Intel's make-or-break 18A process node debuts for data center with 288-core Xeon

Homelab dreams, used server gear, and RAM prices

  • Many readers fantasize about running such CPUs in Proxmox/homelabs; most see it as something to buy used on eBay years later.
  • Used EPYC systems and odd SKUs (e.g., low-priced cloud parts) used to offer “ridiculous” value; several note prices and especially RAM costs have risen sharply.
  • DDR4/DDR5 price increases are seen as the current bottleneck. Some even talk about RAM/SSD “speculation.”
  • Power, noise, and non‑standard server parts are mentioned as constraints for homelabs, though full decommissioned systems (PSUs included) still offer value.

E-cores, no hyperthreading, and workload fit

  • The 288-core Xeon 6 uses only E‑cores, without hyperthreading; posters debate if this is competitive.
  • Arguments for E‑cores:
    • More real cores per die and better perf/watt for highly parallel workloads (virtualized RAN, build farms, some HPC).
    • Avoids hyperthreading side‑channel issues and gives more predictable per‑vCPU performance for clouds.
  • Arguments against:
    • Weaker single‑thread performance and no AVX‑512; bad fit for some HPC, scientific, or SIMD-heavy workloads.
    • Some see Intel’s E‑core strategy as having “killed” ubiquitous AVX‑512.
  • Several note that many real workloads see minimal benefit from hyperthreading and want “real cores + high frequency + memory bandwidth.”
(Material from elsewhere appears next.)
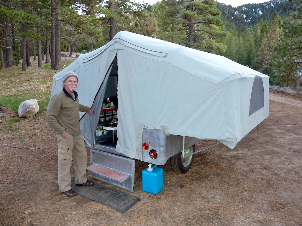 Mr Higgins attracts attention wherever he goes. He certainly doesn’t look like just another tent trailer. At sixty-five years of age, he is older than we are and still going strong. Higgins was designed and built for a different time, when things were built tough and made to last. Inevitably, as we fuel up our tow vehicle, someone will say, “What is this? I’ve never seen anything like it!” When we are camping and Higgins is set up, folks always come by to get a closer look. On a very crowded Thanksgiving Day weekend at Joshua Tree NP, the campgrounds overflowed with all manner of camping vehicles and tents. There were shiny Airstreams and VW Westies, a vintage “tin can” or two, a number of monstrous motorhomes and dozens of ultralight nylon backpacking tents. Joshua Tree is popular with the rock-climbing and bouldering crowd. One gal commented that, of all the RVs at the park, she liked Higgins best of all! So do we. Mr Higgins is a lovable old guy who loves to travel the back roads.
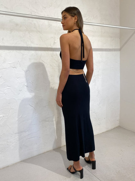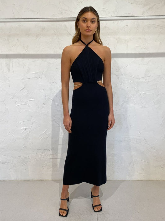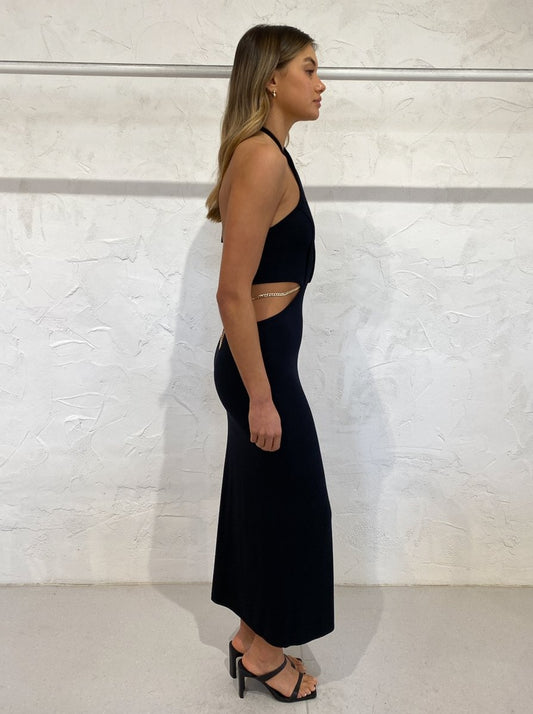 Cut from a stretch Eco-Vero Viscose blend, this effortlessly refined ankle length dress with signature waist cut outs and adjustable halter neckline skims and flatters the body in all the right ways.

Cloud vs on‑prem economics

  • One large subthread uses this core density to argue for moving “fixed” workloads off public cloud:
    • Compare 3‑year cloud reserved instances vs 7‑year amortized servers.
    • Non‑elastic infra (ERP, HR, AD, dev/test, DBs) often cheaper on-prem/colo, assuming you avoid cloud egress traps.
  • Counterpoints:
    • Need to include costs for power, cooling, space, redundant connectivity, backup site, compliance, support contracts, and 24/7 staffing.
    • Talent to design, operate, and secure on‑prem infra is scarce and expensive; many orgs mis‑hire or can’t evaluate infra engineers.
    • You still need skilled people to run AWS; complexity is not eliminated, just shifted.

Scaling software to hundreds of cores

  • Some worry the “cluster-on-a-package” topology (chiplets, many cores, NUMA) makes OS and runtime scheduling the new bottleneck.
  • Linux can technically handle thousands of threads, but:
    • NUMA placement and memory bandwidth become critical; several report big wins manually pinning workloads to NUMA zones.
    • Kernel subsystems (e.g., networking) and shared caches can become contention points.
  • Others think fundamentals are sound; main bottlenecks remain memory/I/O, not the scheduler, but acknowledge that poorly written software may not scale linearly.

Packaging, process node, and foundry angle

  • Several emphasize the packaging as the real story: 12 compute tiles on 18A stacked on Intel 3 base dies and Intel 7 I/O tiles, with Foveros Direct 3D interconnect.
  • Chiplet sizing (24 cores per tile) is seen as a yield strategy for a new node.
  • Strong CXL support is noted; some think the real play is becoming a CXL memory/compute hub rather than just a CPU.
  • Debate over Intel Foundry Services:
    • Skeptics question trusting Intel as a long‑term foundry partner.
    • Others argue contracts and current TSMC capacity constraints may push customers to Intel anyway.

Competitiveness vs AMD and ARM

  • Some claim Intel is far behind AMD/TSMC in perf/watt and is just “throwing cores” at the problem; others argue Darkmont E‑cores are roughly in the same class as modern ARM Neoverse for many non‑AVX workloads.
  • Unclear overall competitiveness: commenters ask for benchmarks vs AMD’s high‑core EPYC and newer ARM server chips; several expect sites like Phoronix to clarify this.
  • Skepticism remains about this being Intel’s “make-or-break” moment, with some dismissing such framing as repeated hype.